Es muy profunda esa captación segunda que permite al creador verse a sí mismo en el Laberinto, sin Virgilio que lo guíe. Es el hombre abandonado a sus propias fuerzas, librado a su condición de dios en exilio, para decirlo con una expresión de Pablo Antonio Cuadra. Es en esta fase de intemperie absoluta donde resuena aquella frase bíblica: Caín, ¿dónde está tu hermano Abel?, en un contexto implícito de luchas fratricidas; y es también aquí donde se abre cierta posibilidad de plegaria. Debo copiar el poema -sin título- para que se perciba qué oblicua, esforzada y tardíamente viene a instalarse esa modalidad que me permito aventurar como invocación religiosa:

El camino, pues,
sólo lleva al arcano
centro de cenizas
del sueño y al pobre
corazón que arrastra
su roca por los días
de los días; oscuro
sopla el viento fiel
bajo esta misma luna
breve de acero sombrío
-pero cuán arduo me es
tu nombre secreto,
ah, Señora!-

¿Invoca el poeta a la Virgen, a la Madre Universal, a la Diosa? Podría entenderse que el caminante, el que arrastra su roca como Sísifo por los días de los días, vuelve su frente a lo sagrado, y necesita hacerlo bajo la forma del rostro femenino de Dios. Sin duda el principio creador es irrepresentable, pero los hombres lo intuyen bajo distintas imágenes. El poema siguiente nos trae la imagen de la tormenta, ligada a la irrupción de lo divino en el mundo.

se desploma la tormenta
como el puño de Dios
en pleno rostro del mundo

La poesía profética de Alejandro Drewes deja hablar al Verbo en estos últimos poemas, plenos, iluminados.

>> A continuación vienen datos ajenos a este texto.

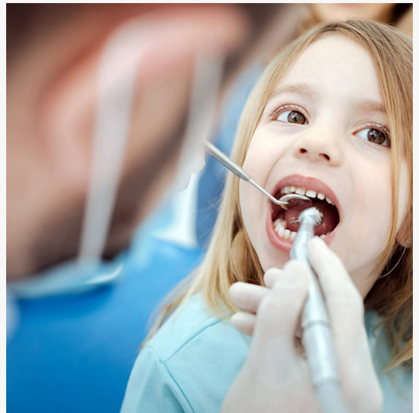
best Children ENT specialist
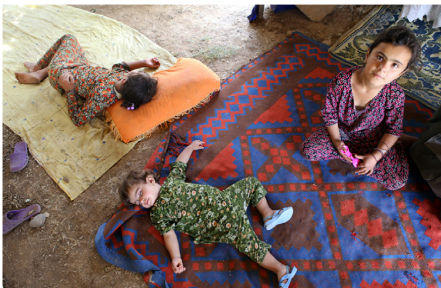
Displaced Iraqi children in Gojar, a village located along the Iraq-Iran border.
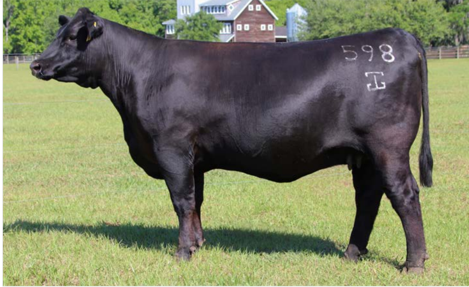
G A R Sure Fire 598 - Dam of Lot 19
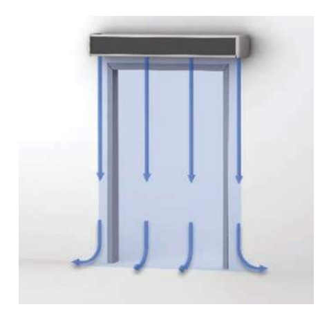
An example of a non-recirculating air curtain

They emit air from a discharge grille at the top of the opening and return it from the floor of the doorway. Air is returned through ductwork to the discharge grille. The non-obtrusive wide stream of low-velocity air created by recirculating air curtains is more desirable for large entrances separating two environments (indoors and out-doors).
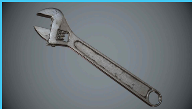
- "Wrench" Replacer
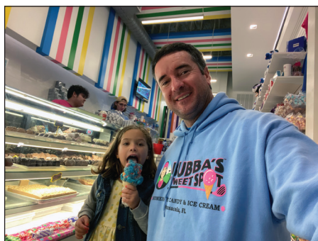
Dakota may love Bubba's Sweet Spot more than I do.
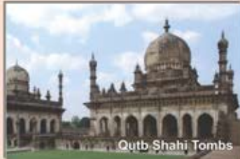
Qutb Shahi Tombs
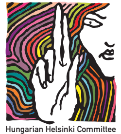
Hungarian Helsinki Committee
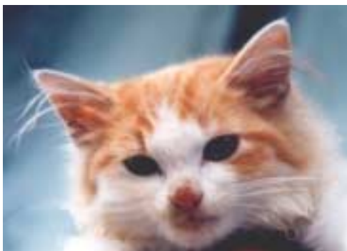
One of the Locals

I arrived in PA on Friday afternoon. The station setup began immediately, supervised by a two-month-old kitten that seems to have adopted me. In spite of
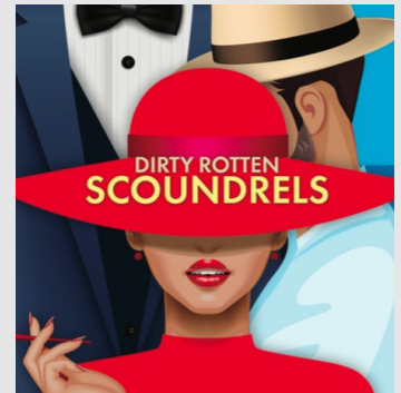
6/11 – Dirty Rotten Scoundrels

All Saturday matinee classes include the show, and start at 1:00 pm
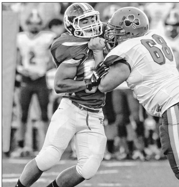
Fremont Ross look to be a tougher team in the late stages of games in 2014.

Aquí empieza el grande viaje.
O es que todo termina
(…)
…donde todo
lo que es ha sido
y sólo asciende
apenas el humo
de otro incendio
en los vastos
archivos celestes

La lluvia que es, como la luna, una imagen unitiva del poemario, vuelve como un posible anuncio de la venida de los dioses. El poeta ve el sueño de un mundo que se esfuma/ como ayer Atenas o Bizancio. Y habla con un tú de su intimidad para compartir las preguntas últimas.

Dime porqué todo esto
el exilio perpetuo
las estrellas en fuga…

Lágrimas de sangre acompañan las escenas finales de la tragedia humana. Que acaso fueran… las de Cristo/ buscando refugio/ ante las bombas/ entre las ruinas/ de Sarajevo, nos dice Alejandro. El tiempo presente, despiadado, en que se vuelve a crucificar a los cristianos, es el marco lacerante de estos poemas testimoniales.

Hallan aquí lugar sus “Ejercicios de tinieblas”, versículos numerados que bien podemos tomar como un colofón sobre el poeta y el poema. Alguno ha de merecer el poema (…) …verso que de vez en vez ilumina el alto sol de la noche. Y nos estremece sentir que en estos poemas finales clama el poeta por su patria, por las estrellas de su patria hoy oscurecida. Ha terminado el recorrido del poeta, su experiencia de duelo y soledad, tan intensa que nos ha inducido a mirar el mundo familiar como extraño, y el mundo del otro lado como próximo:

y las almas perdidas
como excéntricos astros
al círculo de la vida.

Sub luna mutant, tal reza la última línea de una poesía aparentemente impasible, distendida entre la Tierra y el Cielo. La mirada abarca a toda esta especie intermedia, sublunar, expectante al final de un camino ya cumplido. Se trata de un final abierto, como lo está la Historia misma.
Por algo decíamos al comienzo de estas desmañadas palabras que la voz de Alejandro Drewes era singular dentro de un coro en que predominan las voces epigonales. Lo es por venir de un contacto profundo con el Ser, en una aventura de riesgo que ha sabido eludir la desmesura y la autodestrucción. Esa denodada vigilia por páramos oscuros abrió su corazón a la Luz y le ha permitido compartir con nosotros un mensaje viviente.